I don't recall the FreeBSD version I installed when I first set up the system. It was also long enough ago that I don't recall if it had the encryption options that your referencing. I also don't recall why I made the specific choices that I did when laying out the encryption setup. Though, in my defense, I do remember spending over a month studying the handbook as well as many guides and discussions about how to set up encryption. So I'd like to believe that I followed the best practices at the time.

I do recall that actual ZFS encryption (as in the ZFS feature, non-geli) did not exist at the time - or it was linux-only, or unstable, or something. From what I remember, the options for encrypted boot at the time had some trade-offs that didn't make it desirable - at least for me. But I can't recall what the factors were. It protected against threats and actors that didn't seem relevant and had some kind of downside for my use case.

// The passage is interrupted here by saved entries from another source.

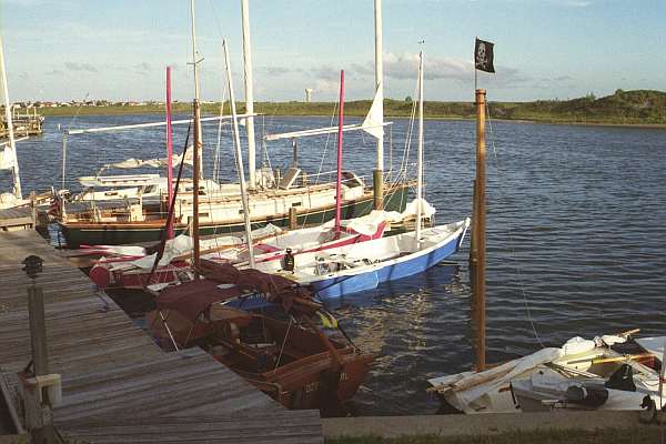 ...invites us to overnight at their wonderful facility. I'm not sure why they do this but I'm very glad they do, maybe it's a "the circus is coming to town" thing. As always Chuck says the entrance is another shallow narrow windy bitch so before we get there we wake up Mr Honda and drop the main. The harbor is already full of our boats. We tie up to the outer wall but later are given an empty slip for the night. Our cruisers eventually pack the place full.
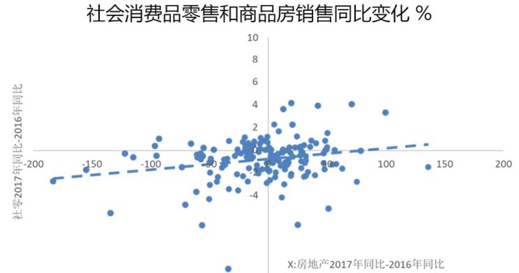 其次,我们把全国160个城市商品房销售的增速和社会消费品零售的增速放在一个散点图上来观察,可以发现:在2017年的横截面上,两者之间表现为显著的正相关关系,这也支持着财富效应的传统看法。
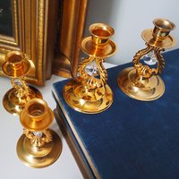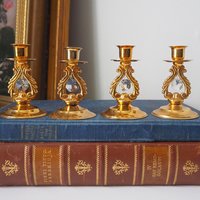 Set of four vintage candlestick holders | Gold plated crystal candlestick holders | Small gold plated candlestick holders | Turun Kristalli
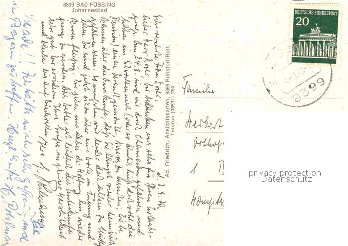 72841760 alte Postkarte Bad Fuessing Johannesbad postalisch gelaufen Erhaltung siehe scans [LiesaD40] KatCode: 11110009275116
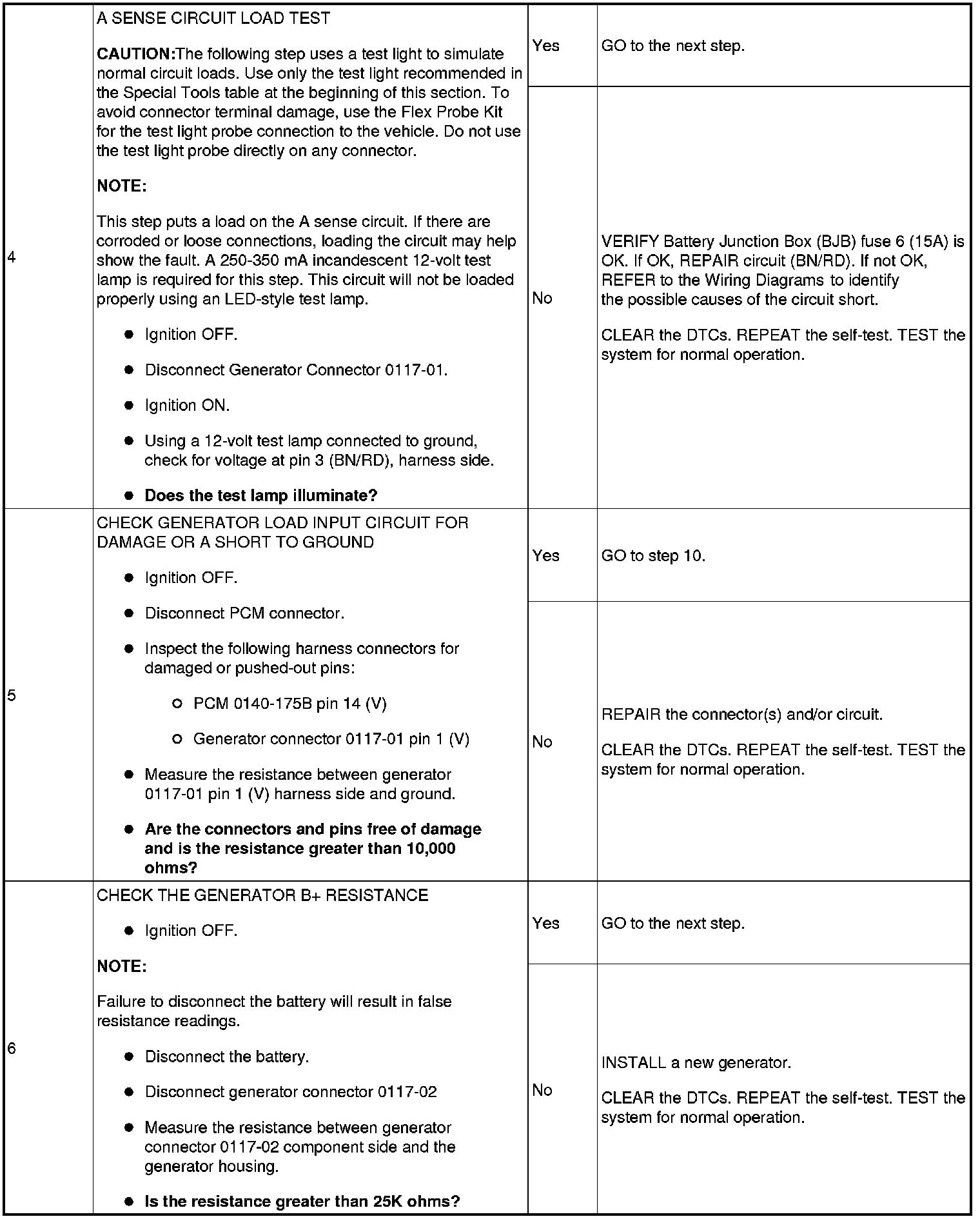 NOTE:Make sure battery voltage is greater than 12.2 volts prior to and during this pinpoint test.

My primary threat mitigation concern is someone physically stealing the machine and accessing the data, or extracting data from a decommissioned hard drive - both which seems to be handled by a passphrase-protected key on an unencrypted boot unlocking the encrypted system and data storage pools. If the CIA is going to send an operative to sneak in and inject a custom bootloader on the /boot drive to steal the passphrase when I type it in then they could inject a custom firmware image on the motherboard to do the same. If a guy with a wrench is going to beat the passphrase out of me, then my plan is to cough it up before the first whack. Then there's IPMI, which I suspect is either breakable or fully backdoored for a state-level actor - so gaining access to /boot probably isn't even all that important if someone is concerned about such an adversary.

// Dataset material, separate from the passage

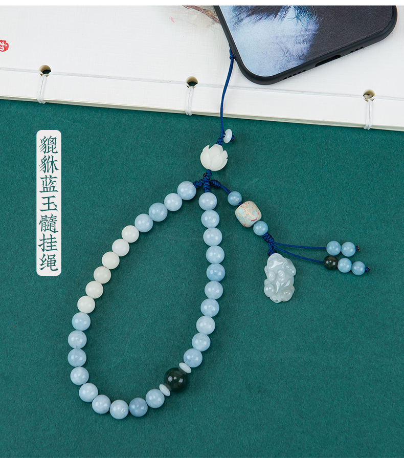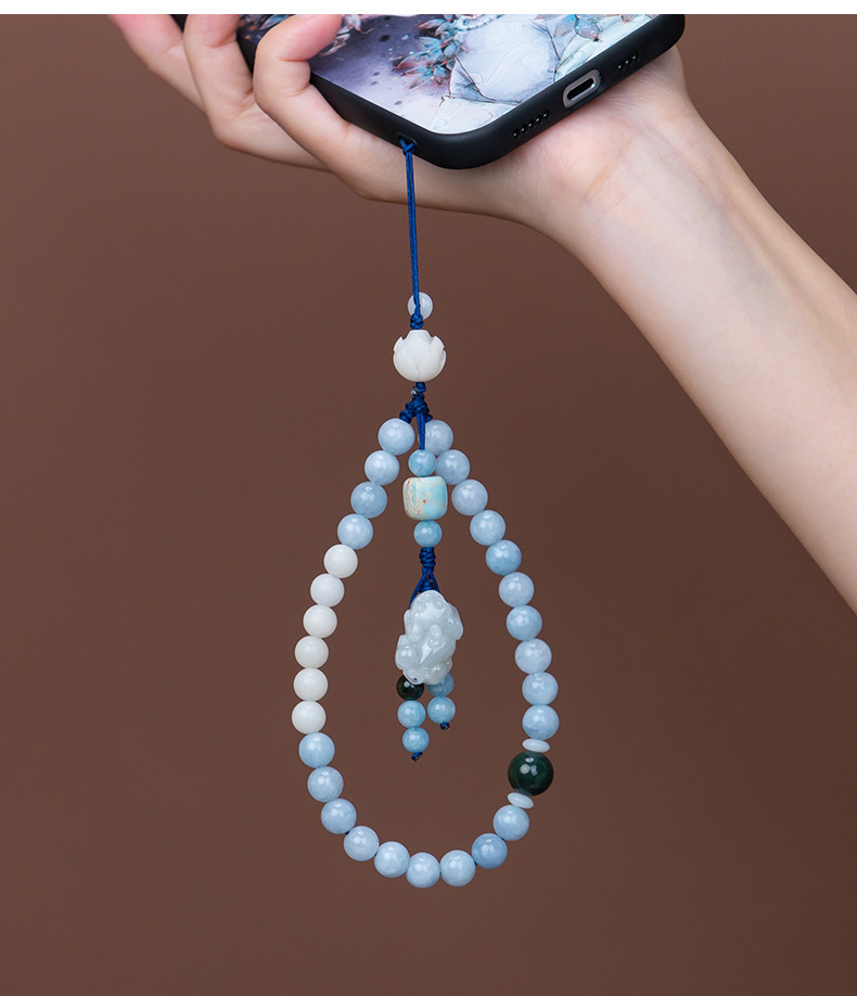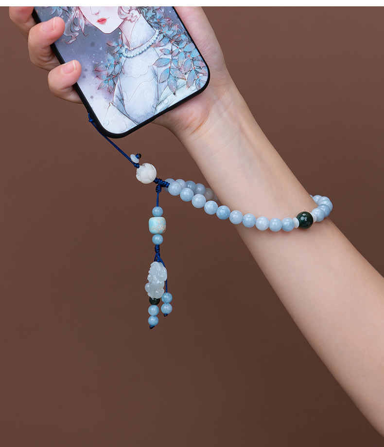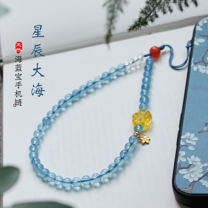 天然海藍宝携帯チェーン琥珀花手作りビーズ紛失防止携帯ストラップ清新少女オリジナルストラップ

That said, if it is possible to encrypt /boot, and it doesn't make the system any more difficult to use or increase the risk of failure/data-loss then I would of course prefer to do so.

Is a passphrase-protected key on an unencrypted boot considered insecure now? Are there upgrade paths to add boot encryption to an existing system? There's a lot to re-learn if the encryption choices that I made were incorrect or outdated. The man page describing the geli -g option tells me what it does, but not how to use it in an upgrade scenario. I'll do some reading up on it. Would you be able to point me to any guides that might be helpful?

is this some sort of ssh remote geli decryption setup. But then, how does the keyfile on the unencryted boot partition fit in?
No. Not remote. It's a traditional (antiquated?) geli setup.
 
Would there be any benefit to doing this? I don't understand why both the efi/boot/ and the efi/freebsd/ directories exist in newer installations. It looks like they both hold the same loader.efi program. Maybe to support multi-boot scenarios?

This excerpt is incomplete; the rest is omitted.